Model Servers: Abstracting Inference 5 types

Model servers expose two endpoints — POST /v1/chat/completions and POST /v1/responses — and return a NeMoGymResponse containing output[] (messages and function calls) and usage (input and output token counts). The five implementations form a clean capability inheritance chain.

Server Extends Key Capability Added
openai_model SimpleModelServer Generic OpenAI-compatible client. Works with any endpoint that speaks the OpenAI API.
azure_openai_model openai_model Azure deployments with api-version handling, VLLMConverter, semaphore concurrency control.
vllm_model azure_openai_model Multi-endpoint round-robin, <think> tag reasoning parser, token ID + logprob tracking, graceful context-length truncation.
local_vllm_model vllm_model Launches vLLM as a Ray actor. Tensor, pipeline, and data parallelism via Ray placement groups. Multi-node GPU support.
genrm_model local_vllm_model Custom conversation roles (response_1, response_2, principle) for pairwise reward modeling comparisons.

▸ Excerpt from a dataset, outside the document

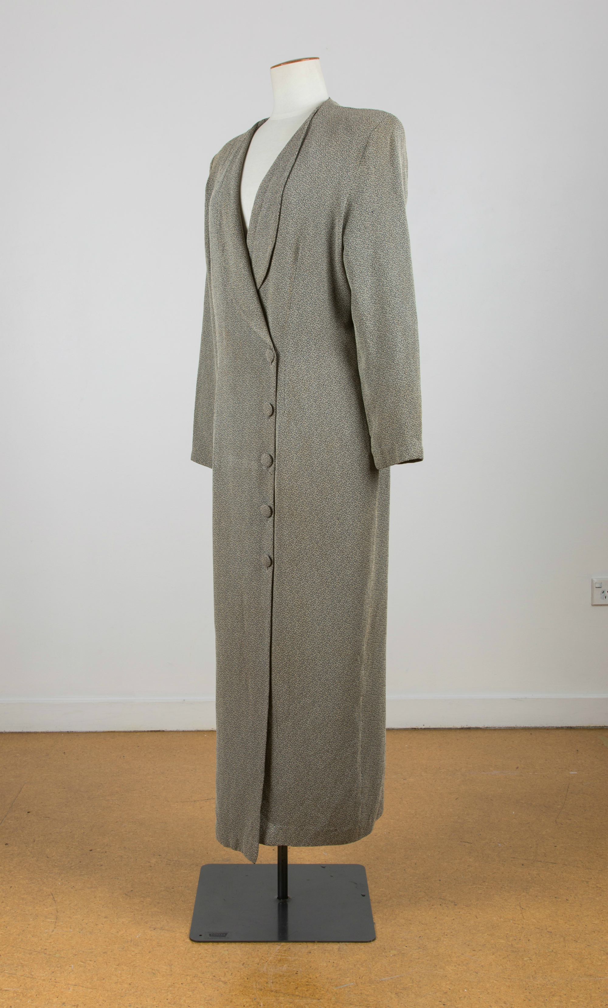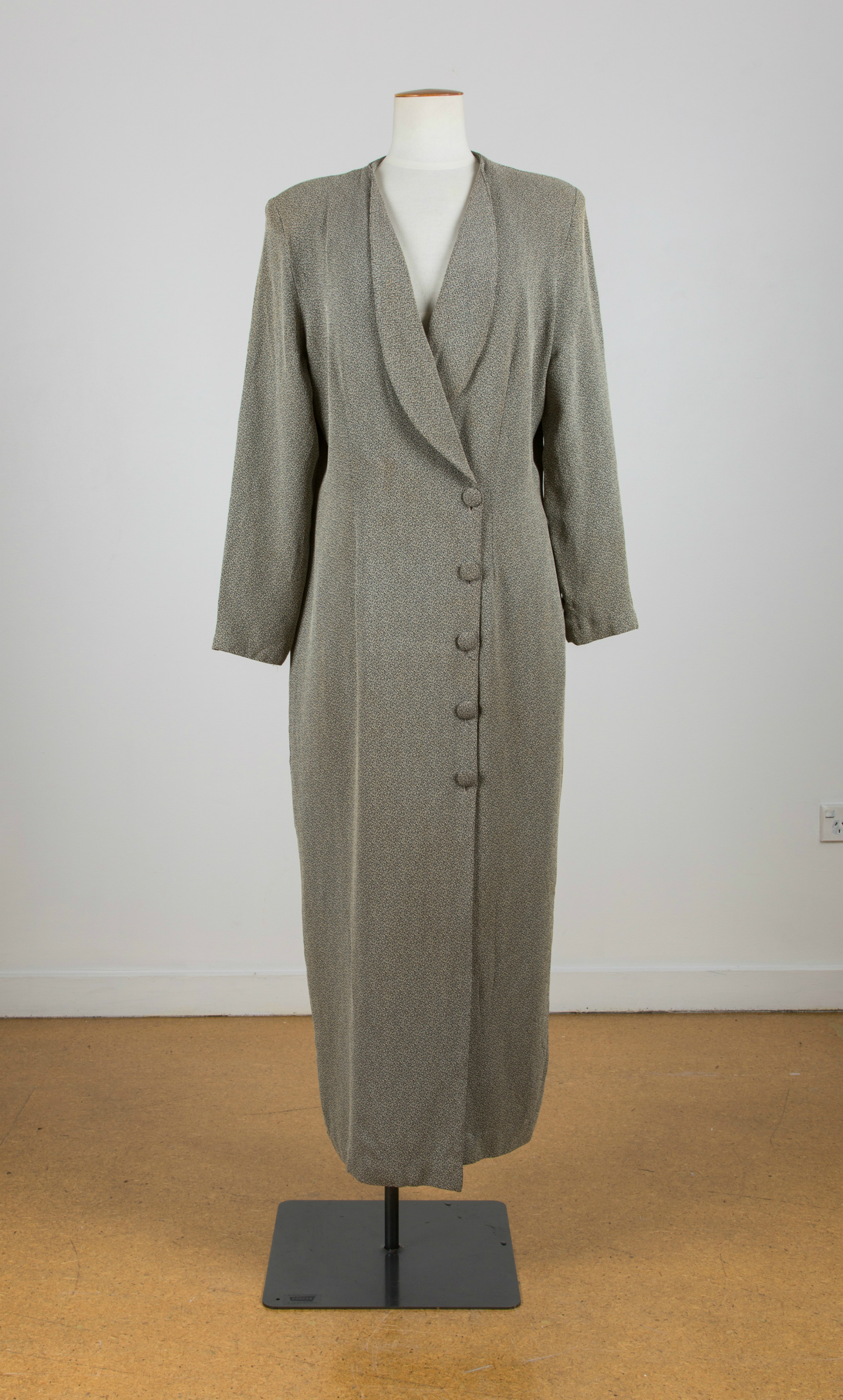 Coatdress with self-fabric buttons

The inheritance chain is purposeful: each layer adds exactly one conceptual capability. The local_vllm_model is where things get operationally interesting — it handles HuggingFace token and cache management, polls for server health before accepting requests, and applies internal vLLM patches for compatibility. The genrm_model at the tip of the chain is the model server you use when your reward signal comes from comparing two outputs side by side.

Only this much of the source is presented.